# TASK:
Go through the listing and set it down exactly, leaving out its pictures.

# DATA PROVIDED:

•••••

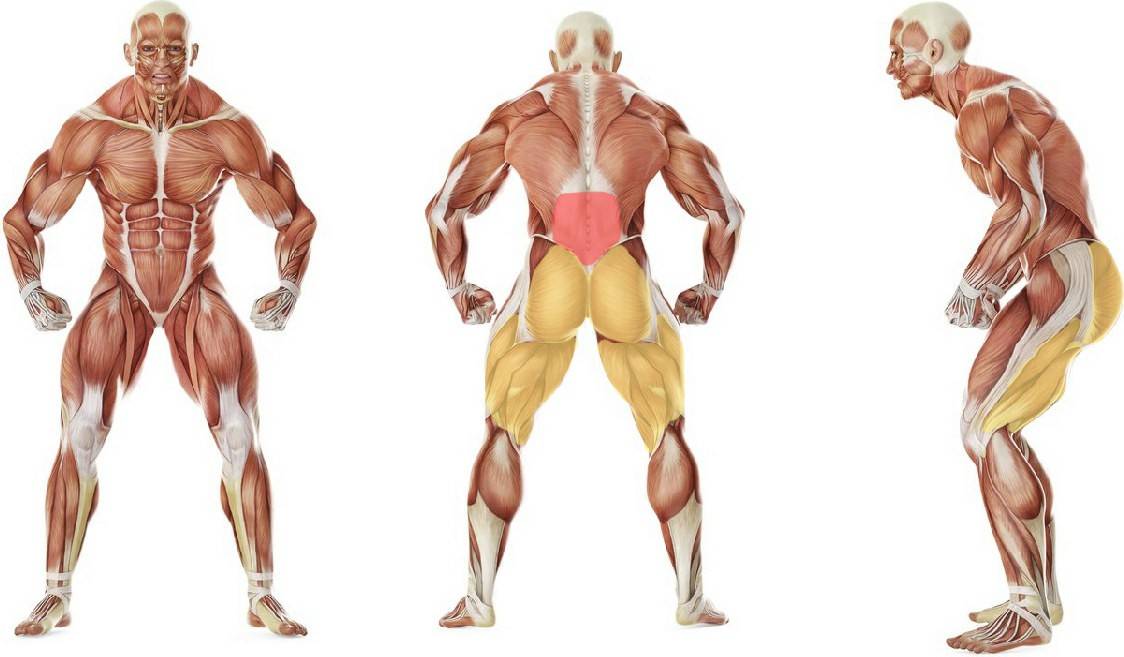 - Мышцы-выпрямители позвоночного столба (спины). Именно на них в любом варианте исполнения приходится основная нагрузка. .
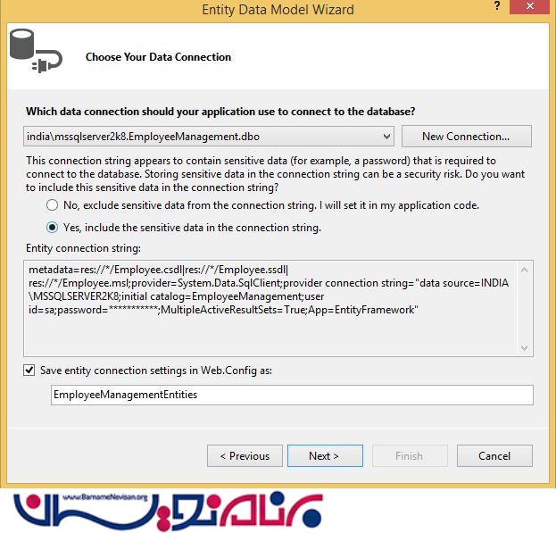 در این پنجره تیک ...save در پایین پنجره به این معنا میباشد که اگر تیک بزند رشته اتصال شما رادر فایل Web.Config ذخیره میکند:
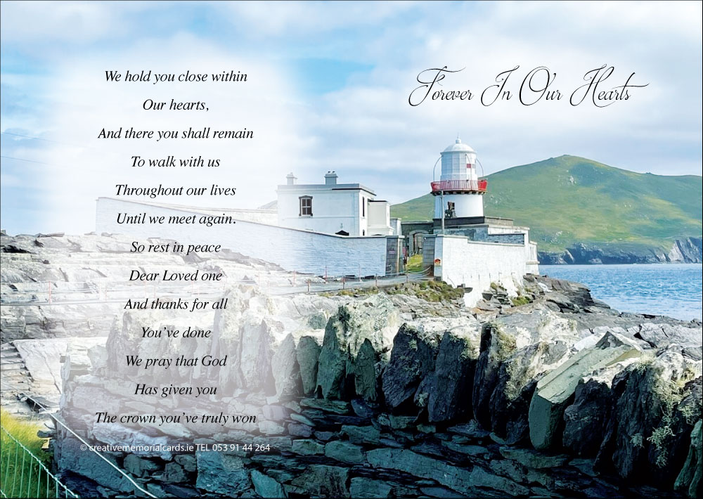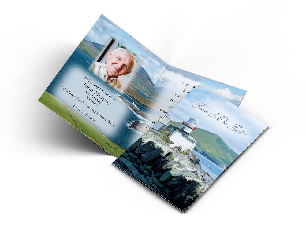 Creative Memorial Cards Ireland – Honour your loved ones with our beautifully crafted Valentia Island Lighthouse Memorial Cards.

•••••

# TASK ANSWER:
 - Мышцы-выпрямители позвоночного столба (спины). Именно на них в любом варианте исполнения приходится основная нагрузка. .
 در این پنجره تیک ...save در پایین پنجره به این معنا میباشد که اگر تیک بزند رشته اتصال شما رادر فایل Web.Config ذخیره میکند:
 Creative Memorial Cards Ireland – Honour your loved ones with our beautifully crafted Valentia Island Lighthouse Memorial Cards.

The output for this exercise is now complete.